Performance Highlights:
| Model | Configuration | Throughput | GPU Memory |
|---|---|---|---|
| DeepSeek-V3 (671B) | LoRA + AMX | ~40 tokens/s | 70GB (multi-GPU) |
| DeepSeek-V2-Lite (14B) | LoRA + AMX | ~530 tokens/s | 6GB |
Quick start: Follow kt-sft/README.md for environment setup, then USE_KT=1 llamafactory-cli train examples/train_lora/deepseek3_lora_sft_kt.yaml.
Development History and Updates
Launched around August 2024, KTransformers has seen rapid iterations:
- August 2024: Initial Windows support, multi-GPU, Mixtral models, VRAM reductions for DeepSeekV2 (21GB to 11GB).
- February 2025: DeepSeek-R1/V3 support with 3-28x speedups, FP8 kernels, extended contexts (4K to 139K tokens).
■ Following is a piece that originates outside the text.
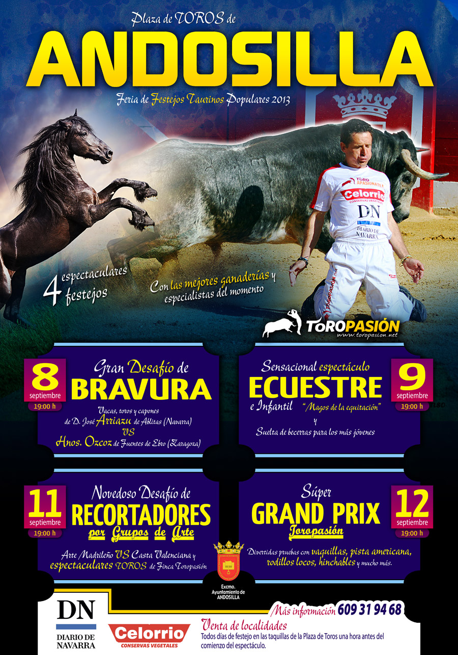 La feria taurina de Andosilla volverá a contar con la organización de Toropasión Espectáculos, S.L. que ha diseñado un ciclo compuesto por cuatro festejos que tendrán lugar del 8 al 12 de septiembre. El Excmo. Ayuntamiento de Andosilla vuelve a confiar en la empresa líder en festejos populares y apuesta por este tipo de eventos para dinamizar el programa festivo. El programa cuenta con dos novedades importantes: un espectáculo ecuestre y el desafío de grupos de Arte que contará con toros de distintas ganaderías y procedentes de Finca Toropasión.

- March-April 2025: ROCm/AMD GPU, multi-concurrency, LLaMA 4, AMX quantizations, Intel Arc.
- May-July 2025: Prefix caching, Kimi-K2, SmallThinker/GLM4-MoE.
- September-November 2025: Qwen3-Next, SGLang integration, Ascend NPU, Kimi-K2-Thinking, LLaMA-Factory enhancements.
The project boasts over 16,000 GitHub stars and is backed by a 2025 ACM SIGOPS paper on CPU/GPU hybrid inference for MoE models. A 2025 Q4 roadmap outlines future expansions.
Community and Contributions
Developed by MADSys Lab at Tsinghua University and Approaching.AI, with 90+ contributors. Engage via GitHub issues, pull requests, or WeChat groups. The original framework is archived for legacy reference, with comprehensive docs and online books available.